**TASK BRIEF**
Find the line with "Keychain with the" in the data below. Repeat it and every line after it up to the end, exactly, but drop the pictures.

PROVIDED INFORMATION below:

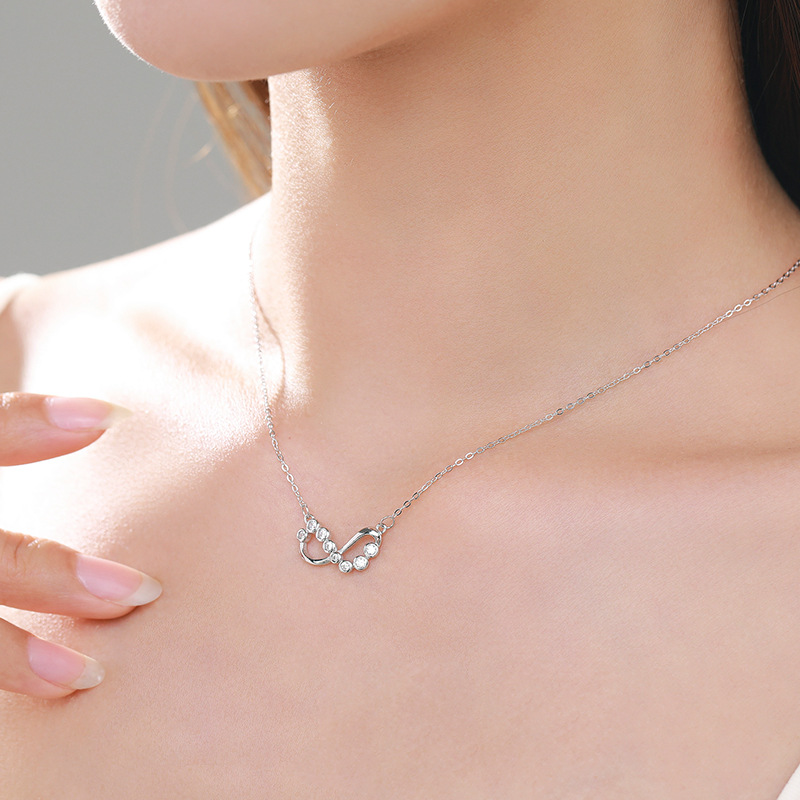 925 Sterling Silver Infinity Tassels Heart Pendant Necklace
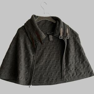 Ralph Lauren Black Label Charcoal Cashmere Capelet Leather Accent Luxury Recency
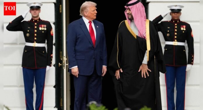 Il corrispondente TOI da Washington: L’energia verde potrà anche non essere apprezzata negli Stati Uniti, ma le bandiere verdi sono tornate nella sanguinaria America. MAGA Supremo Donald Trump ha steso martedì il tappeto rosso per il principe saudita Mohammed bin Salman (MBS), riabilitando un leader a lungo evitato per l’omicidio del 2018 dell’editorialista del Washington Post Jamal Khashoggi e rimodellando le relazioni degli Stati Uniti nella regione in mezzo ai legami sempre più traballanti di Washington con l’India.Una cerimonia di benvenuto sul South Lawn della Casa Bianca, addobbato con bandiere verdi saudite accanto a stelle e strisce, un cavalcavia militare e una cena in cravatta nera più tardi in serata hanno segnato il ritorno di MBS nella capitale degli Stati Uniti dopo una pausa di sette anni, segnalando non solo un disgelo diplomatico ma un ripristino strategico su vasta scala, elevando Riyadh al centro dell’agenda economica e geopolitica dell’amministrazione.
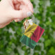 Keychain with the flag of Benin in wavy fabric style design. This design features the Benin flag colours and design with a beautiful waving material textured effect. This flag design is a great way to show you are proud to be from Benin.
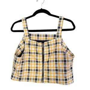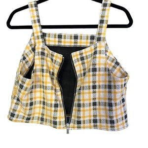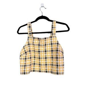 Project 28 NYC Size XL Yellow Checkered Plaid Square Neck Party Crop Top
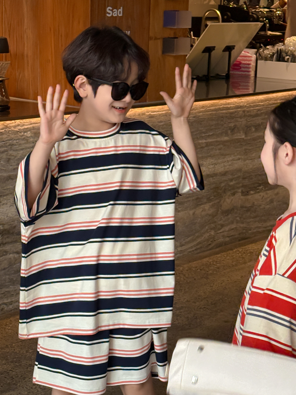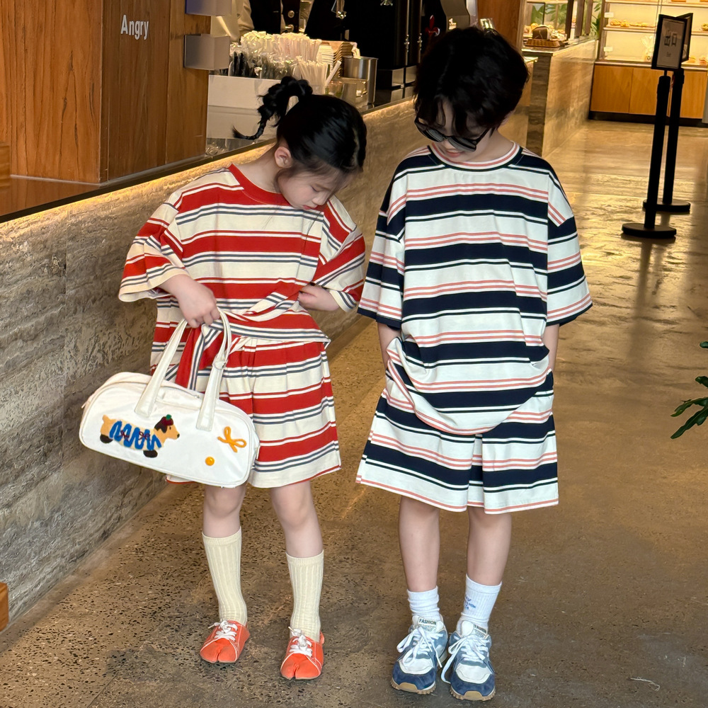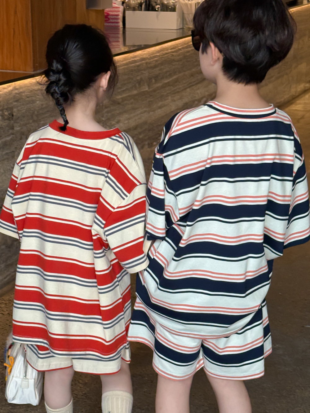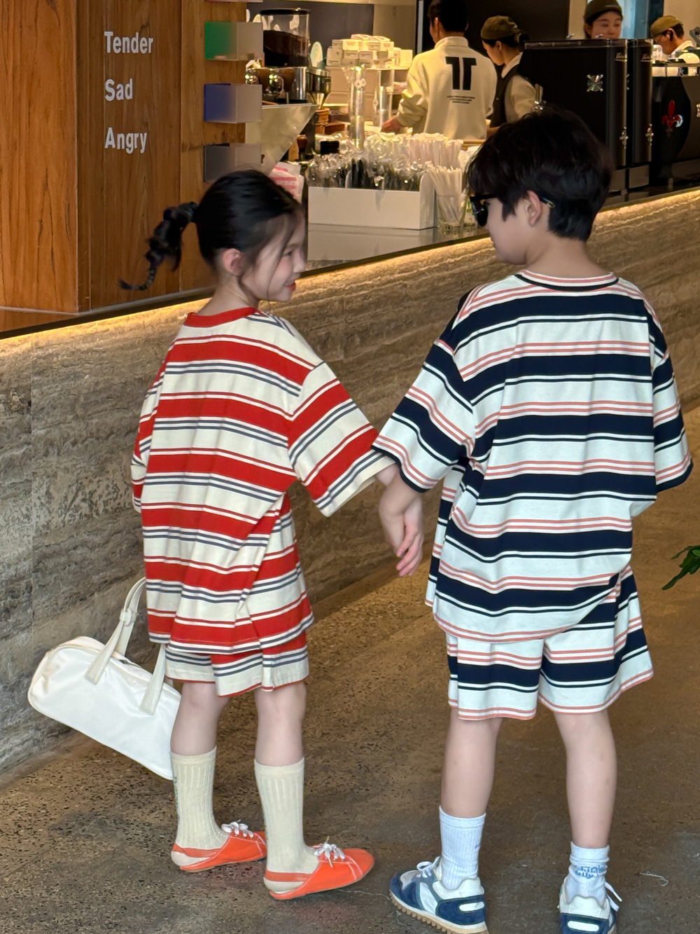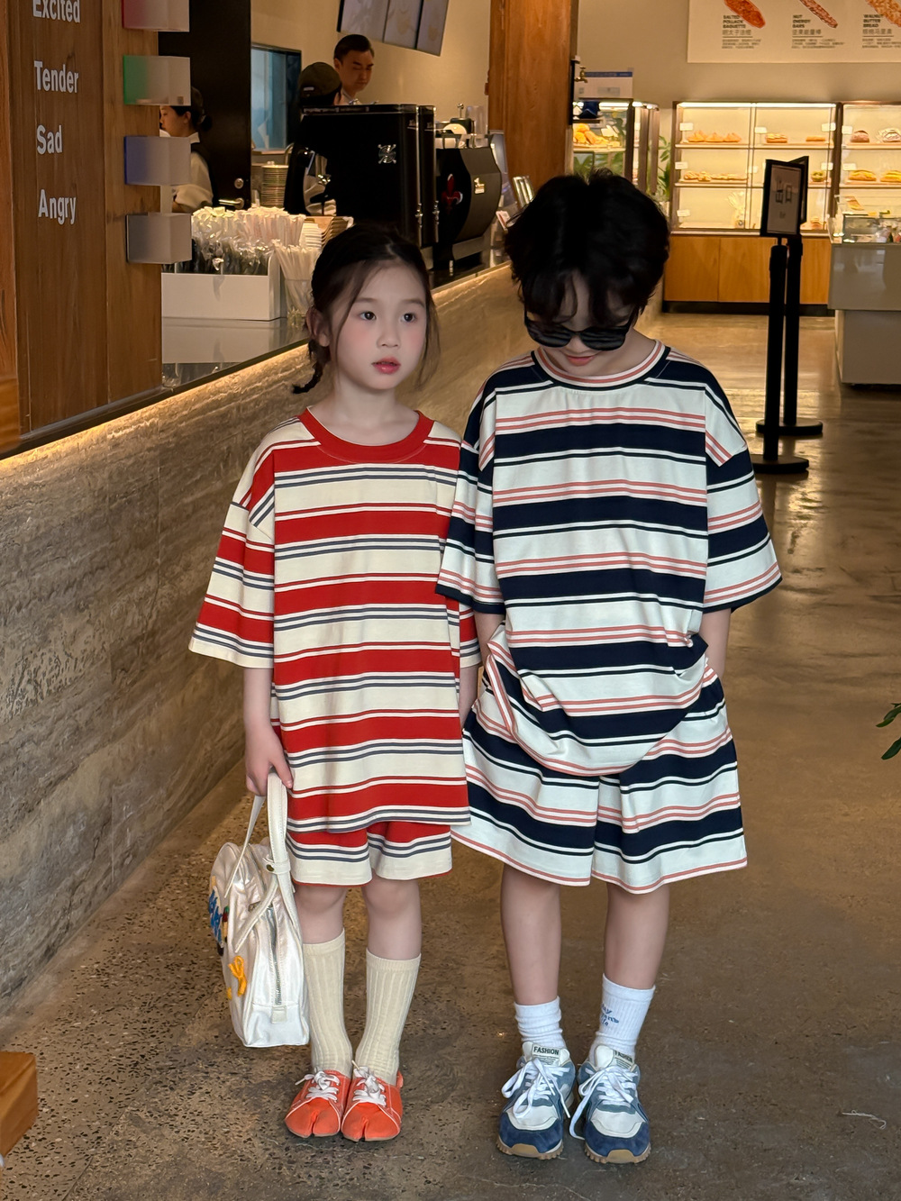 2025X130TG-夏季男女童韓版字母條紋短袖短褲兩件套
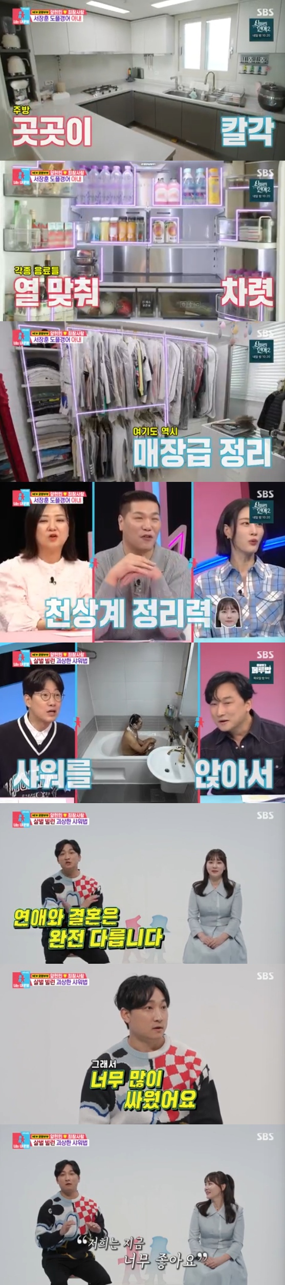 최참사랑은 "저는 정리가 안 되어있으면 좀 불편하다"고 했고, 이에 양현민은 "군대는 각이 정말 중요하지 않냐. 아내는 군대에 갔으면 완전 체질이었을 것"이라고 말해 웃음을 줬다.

End of PROVIDED INFORMATION.

**TASK ANSWER**
 Keychain with the flag of Benin in wavy fabric style design. This design features the Benin flag colours and design with a beautiful waving material textured effect. This flag design is a great way to show you are proud to be from Benin.
 Project 28 NYC Size XL Yellow Checkered Plaid Square Neck Party Crop Top
 2025X130TG-夏季男女童韓版字母條紋短袖短褲兩件套
 최참사랑은 "저는 정리가 안 되어있으면 좀 불편하다"고 했고, 이에 양현민은 "군대는 각이 정말 중요하지 않냐. 아내는 군대에 갔으면 완전 체질이었을 것"이라고 말해 웃음을 줬다.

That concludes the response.